As part of the creation (or review) of a BCP, the BCP team should talk to staff of the supervisory authority (or indeed staff of other organizations) that have experienced major incidents to hear their “war stories” and what worked well or less well. This could provide valuable insights.

For example, when the staff have walked for miles to reach a back-up site, or the IT department has been working all evening to load up laptops for staff to use at home, it would be great for someone to provide food and drink to the weary. But who knows where the nearest food outlet is, and whether it is open in the evenings and weekends?

In some cases – for example where a supervisory authority is situated within a central bank – the scope and coverage of a BCP may be wider than supervisory activities. In such cases, it is important that the supervisory activities are given proper weight in being correctly identified, prioritized, and covered in the BCP.

Step 1: Identify critical supervisory activities

In constructing a BCP, a supervisory authority should begin by identifying the most important supervisory activities it performs.

For a private corporation this might be driven by considerations of profitability and of the costs of stopping a business activity. For a public body such as a supervisory authority, the starting point here should be its mandate and objectives.

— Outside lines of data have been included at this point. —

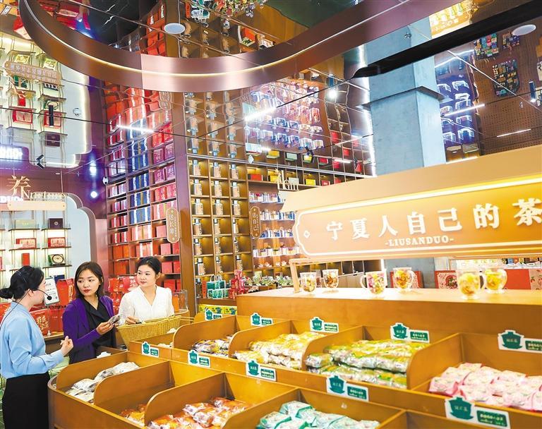 7月30日,吴忠市刘三朵八宝茶非遗体会馆工作人员向顾客介绍八宝茶的前史。近年来,吴忠早茶成为当地的嘹亮招牌,带动了农产品附加值的进步。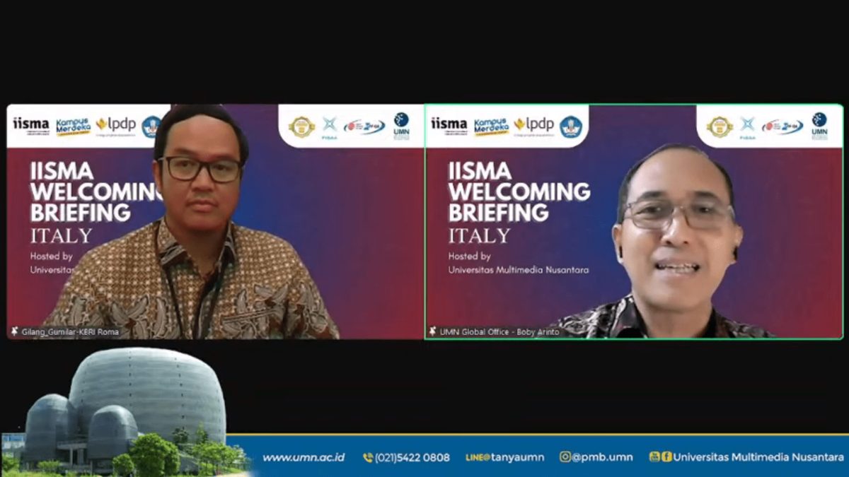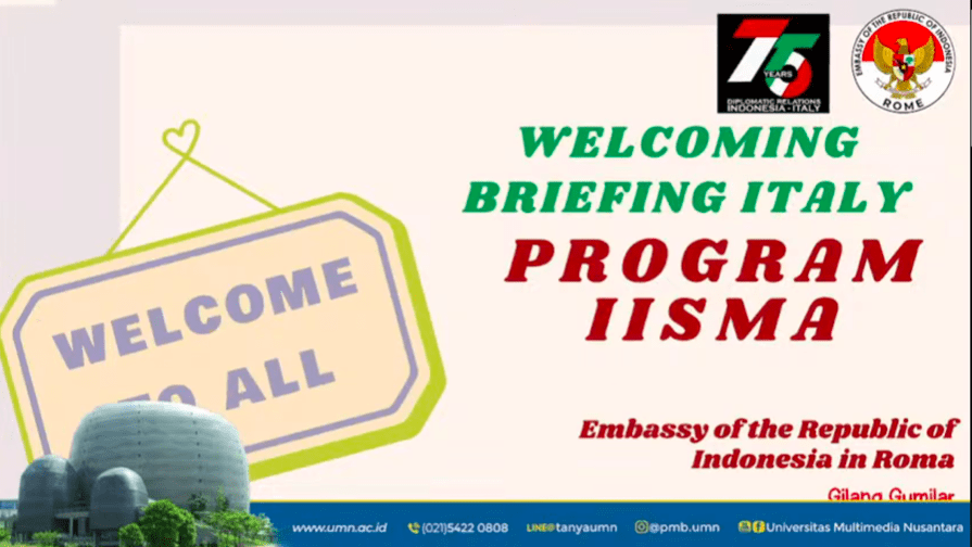 TANGERANG—On September 17, 2024, Universitas Multimedia Nusantara (UMN) hosted an online welcoming briefing for the Indonesian International Student Mobility Awards (IISMA) Italy with the Indonesian Embassy in Rome, Italy. Various UMN representatives, IISMA representatives, and the awardees attended the briefing.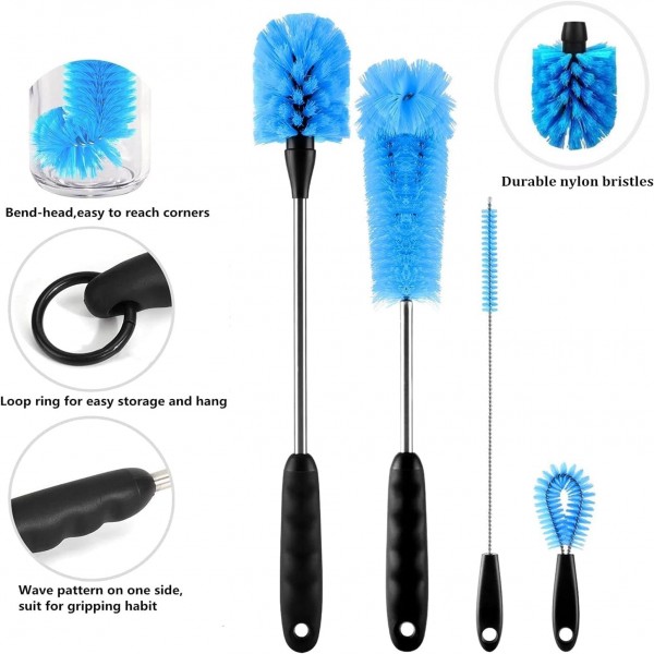 - Assortment: The bottle cleaner brush kit includes 15" long handle beer bottle brush, 14" sports water bottle brush, 10" multifunction sponge brush, 4.3" spout cleaning brush, 7.9-12.5" straw brushes. You can hang them on hook for drying and storage.
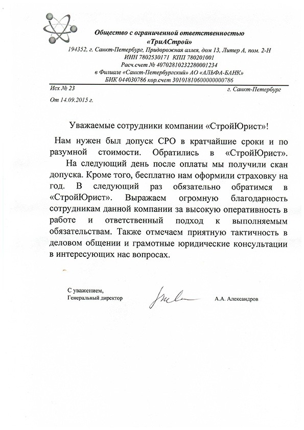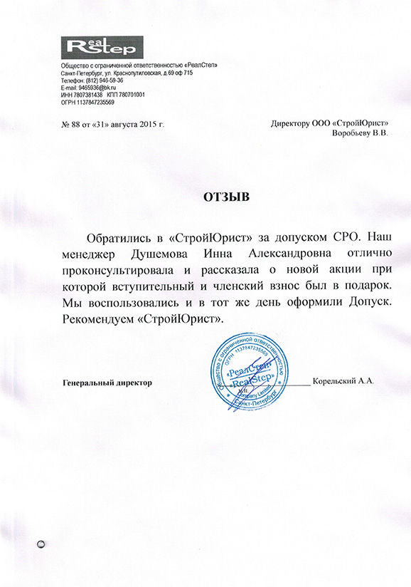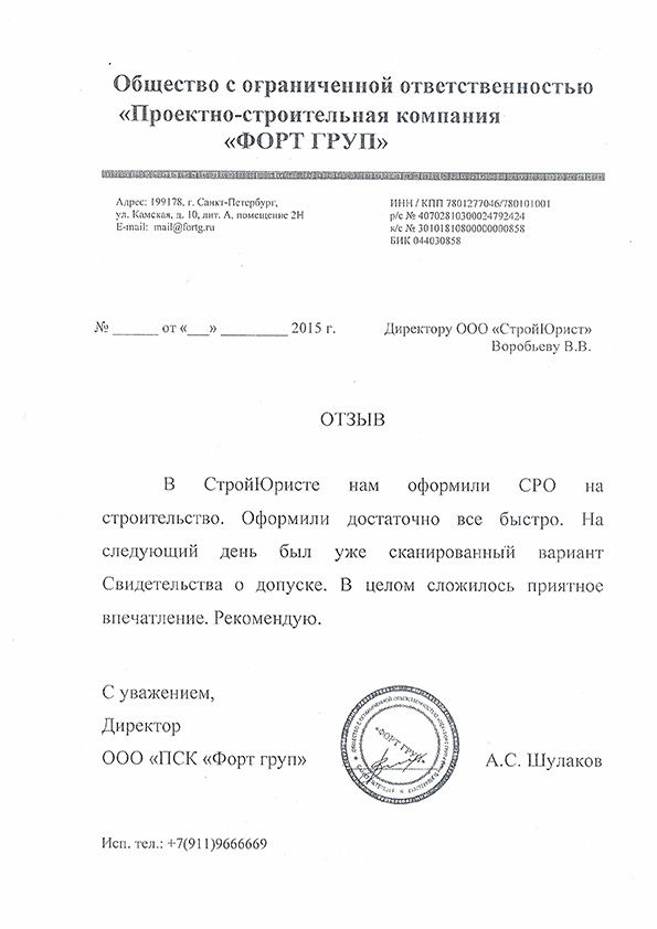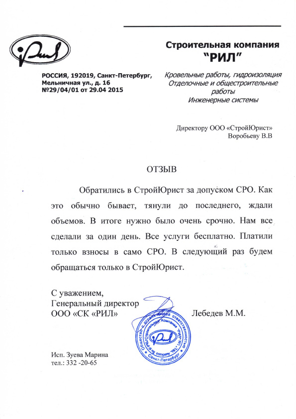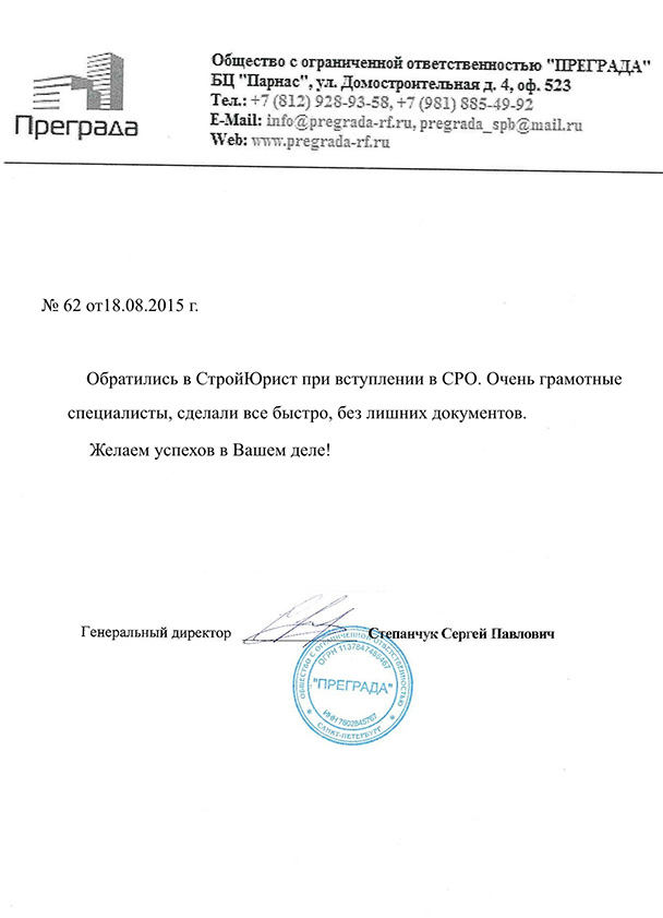 Отзывы клиентов "СтройЮрист" по вступлению в СРО в Нижневартовске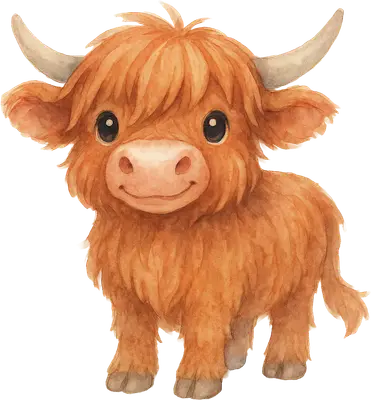 Adorable Watercolor Baby Highland Cow DTF Transfer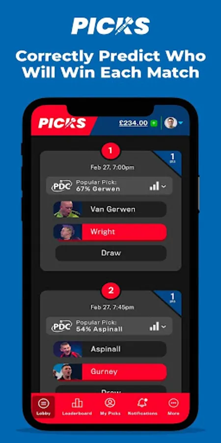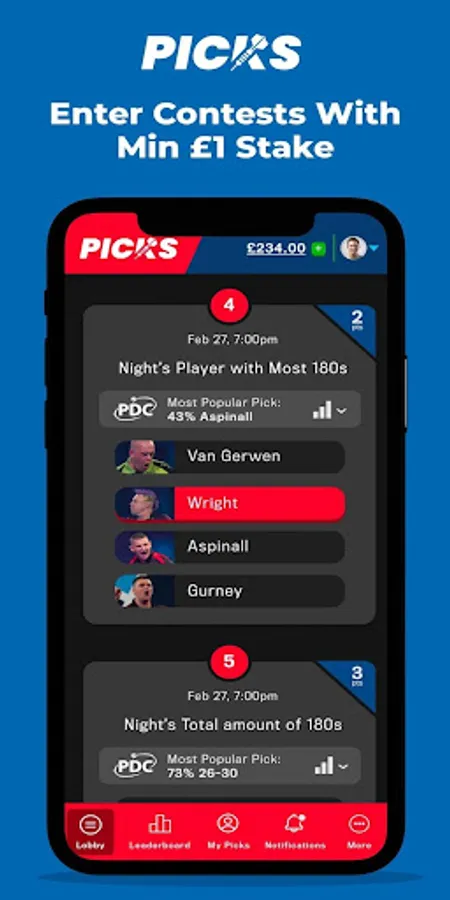 Bet on PDC Darts matches like never before with the Official PDC Picks mobile sportsbook app! It’s Easy to Play, Just Pick to Win! Guaranteed winner every contest!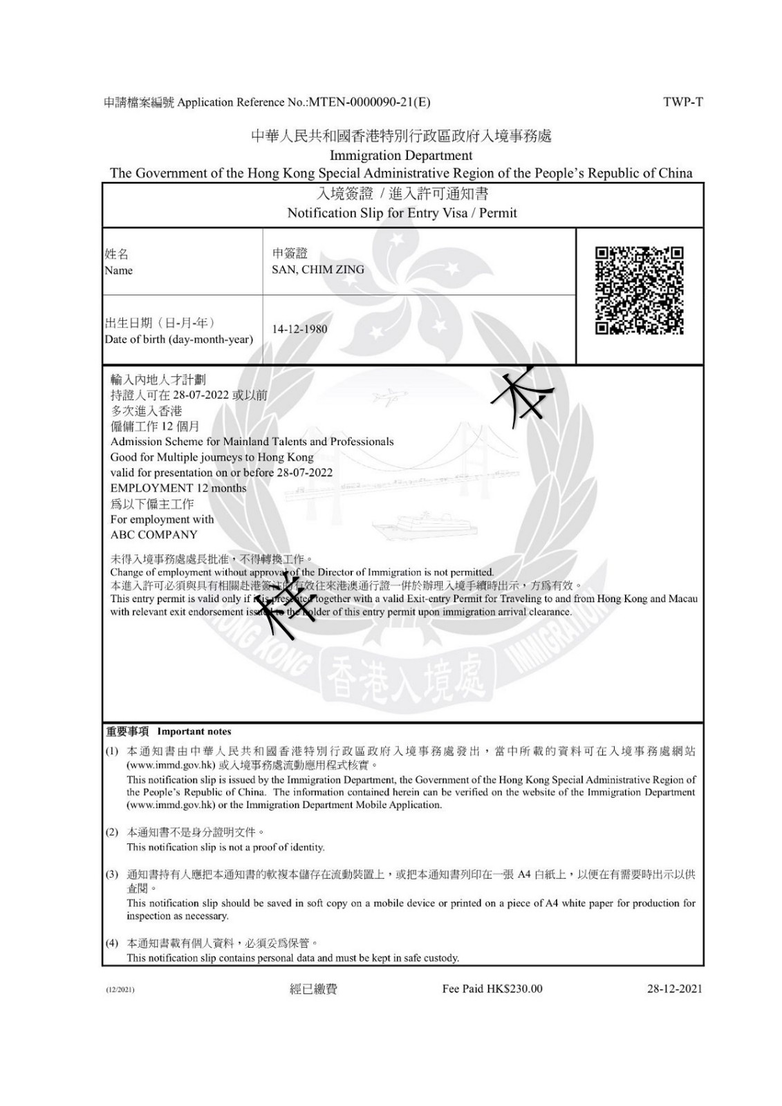 「電子簽證」載有加密二維碼供核實該證之用。有關(guān)人士(例如「電子簽證」持有人的準雇主)可使用入境處流動應(yīng)用程式掃描該二維碼檢視相關(guān)資料。使用其他相機裝置或流動應(yīng)用程式掃描該二維碼將無法檢視相關(guān)資料。此外,有關(guān)人士亦可在香港政府一站通網(wǎng)站或入境處流動應(yīng)用程式(APP)輸入「電子簽證」資料,以核實該證。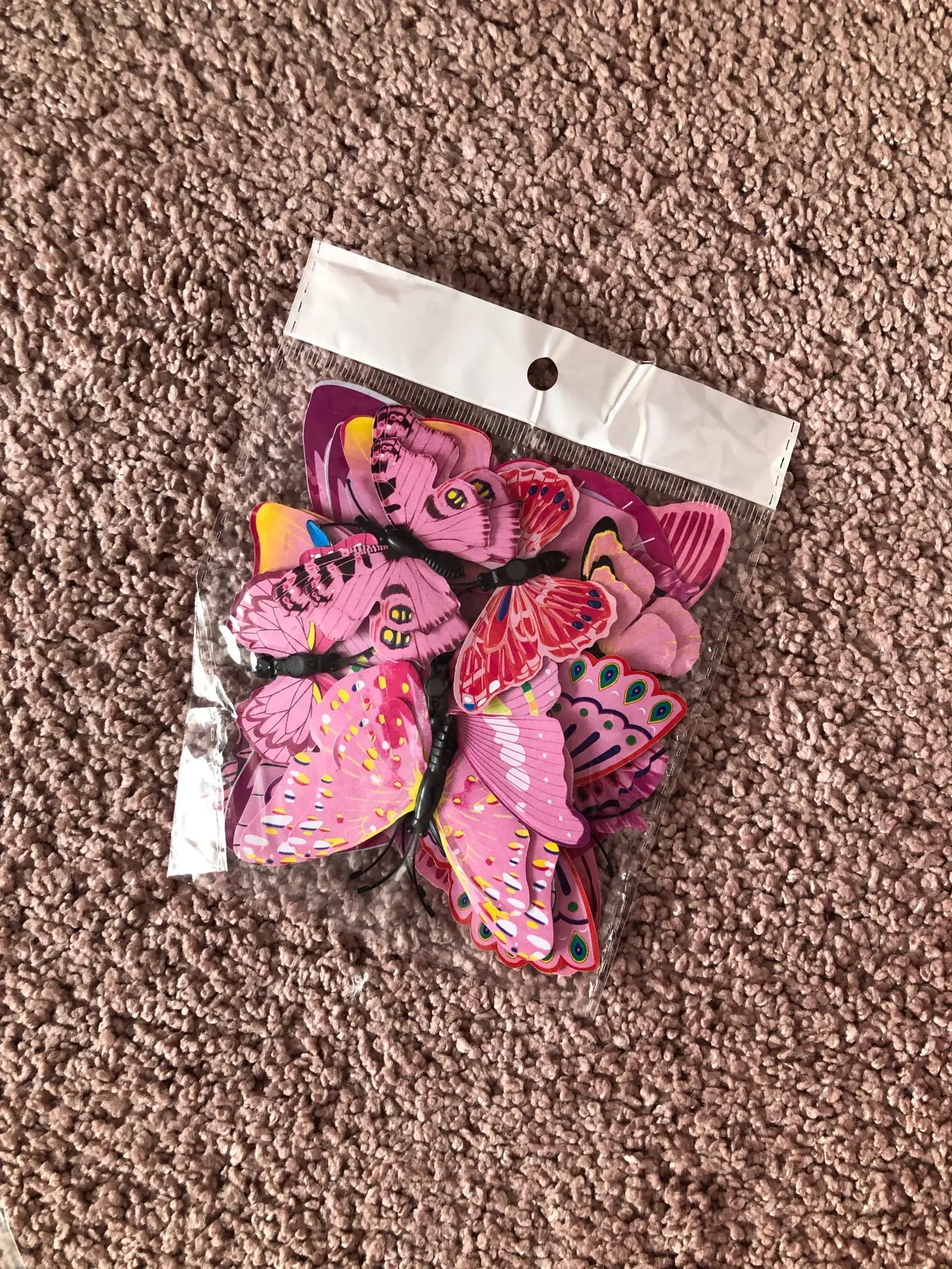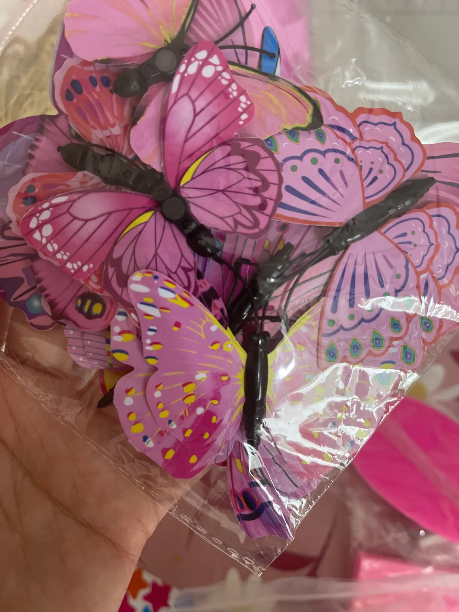 Очень приятный розовый 12 бабочек различных размеров и различных оттенков. .. Понравилось много полностью рекомендую продукт и продавцом.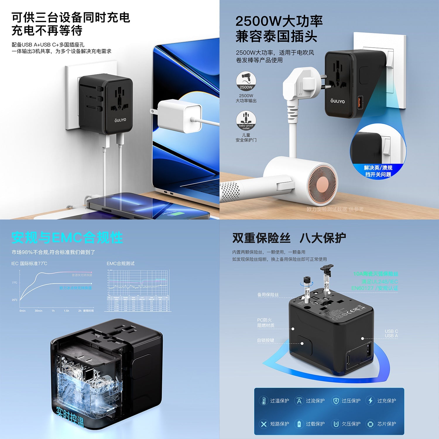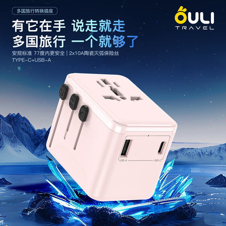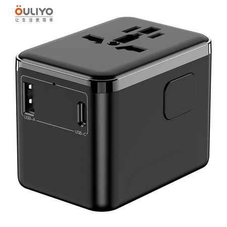 Equipped with 1 USB-A + 1 USB-C port, this adapter delivers 2.4A fast charging—perfect for powering phones, tablets, laptops, and more in over 150+ countries! ⚡📱💻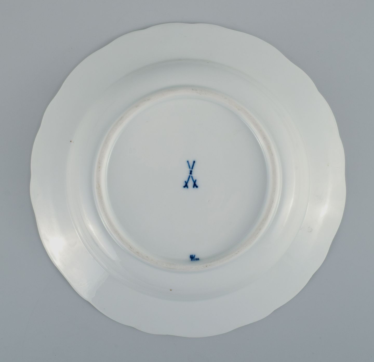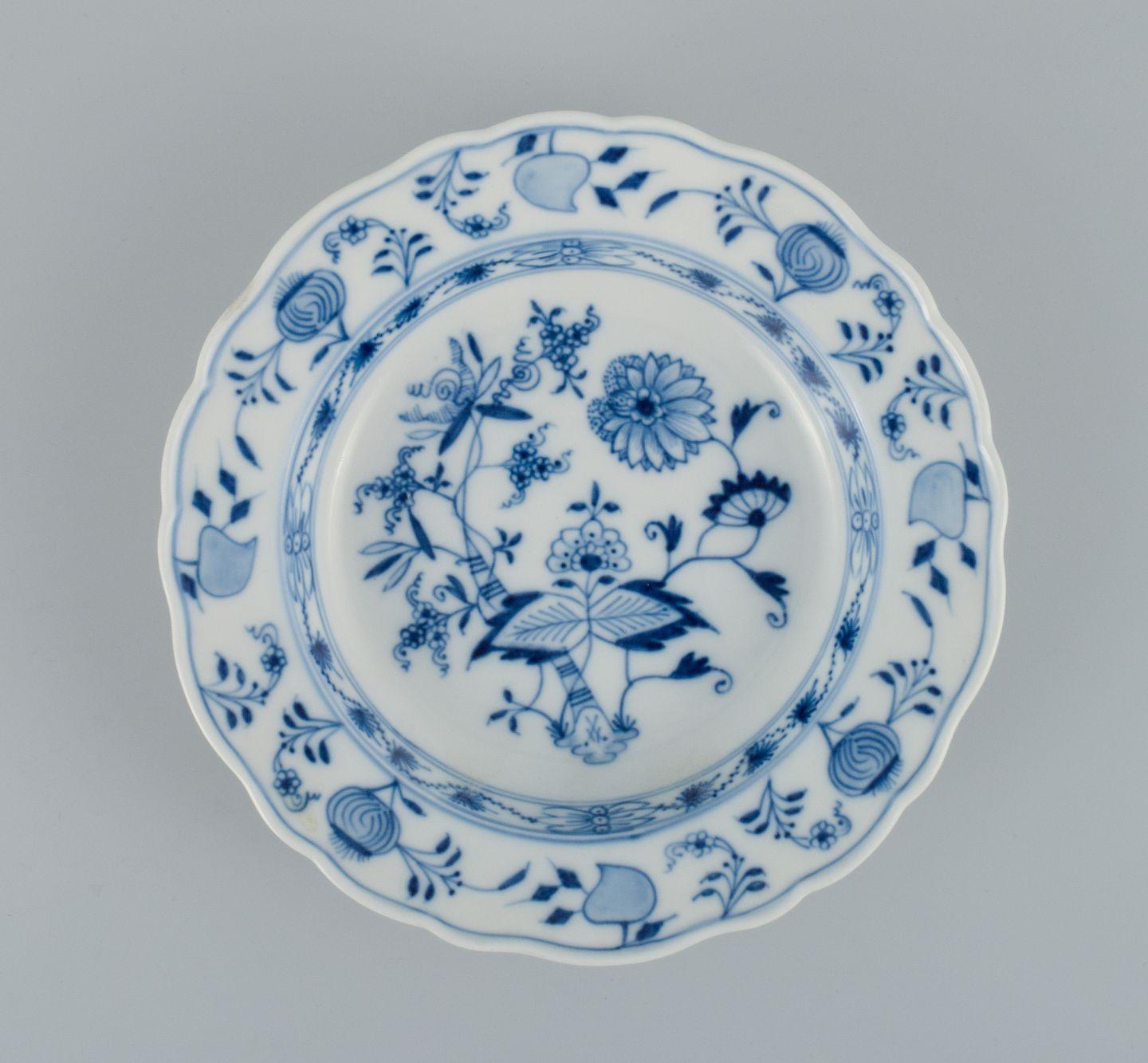Meissen, et sæt på tre dybe tallerkner, håndmalet, løgmønstret.

Whilst these form an essential starting point, the formal mandate and objectives of a supervisory authority will typically be rather high level and of limited help in identifying critical supervisory activities in detail. It is also necessary therefore to consider supervisory activities at a more granular level. For example, a supervisory authority will perform a wide range of activities in order to pursue mandates such as those relating to the safety and soundness of the firms it supervises, retail and wholesale market conduct, and anti-money laundering. Some of its activities may also be based more on historic custom and practices and related only indirectly to its formal objectives and hence its critical activities.

A supervisory authority should decide which of these activities need to be maintained (or resumed) as a matter of priority.

Since material incidents are by definition disruptive, some prioritization of supervisory activities needs to be contemplated when constructing a BCP. Supervisors following a risk-based supervision approach should be familiar with the thought process here – if resources are (even more) limited following an incident, then the available resources will need to be prioritized even more towards identifying and addressing the largest risks to the supervisory authority’s objectives.[5]

The criticality and prioritization of supervisory activities may also depend on the nature of the incident and whether it also has an adverse impact on supervised firms and on the financial sector or the wider economy. The need to prioritize will be reinforced if the incident is also affecting the financial sector, in which case some risks may have increased.[6]

The incident may even threaten a financial crisis of some sort, in which case management of the wider crisis may become an overriding priority for the supervisory authority, at the same time as it is having to deal with the impact of the incident on its own operations. 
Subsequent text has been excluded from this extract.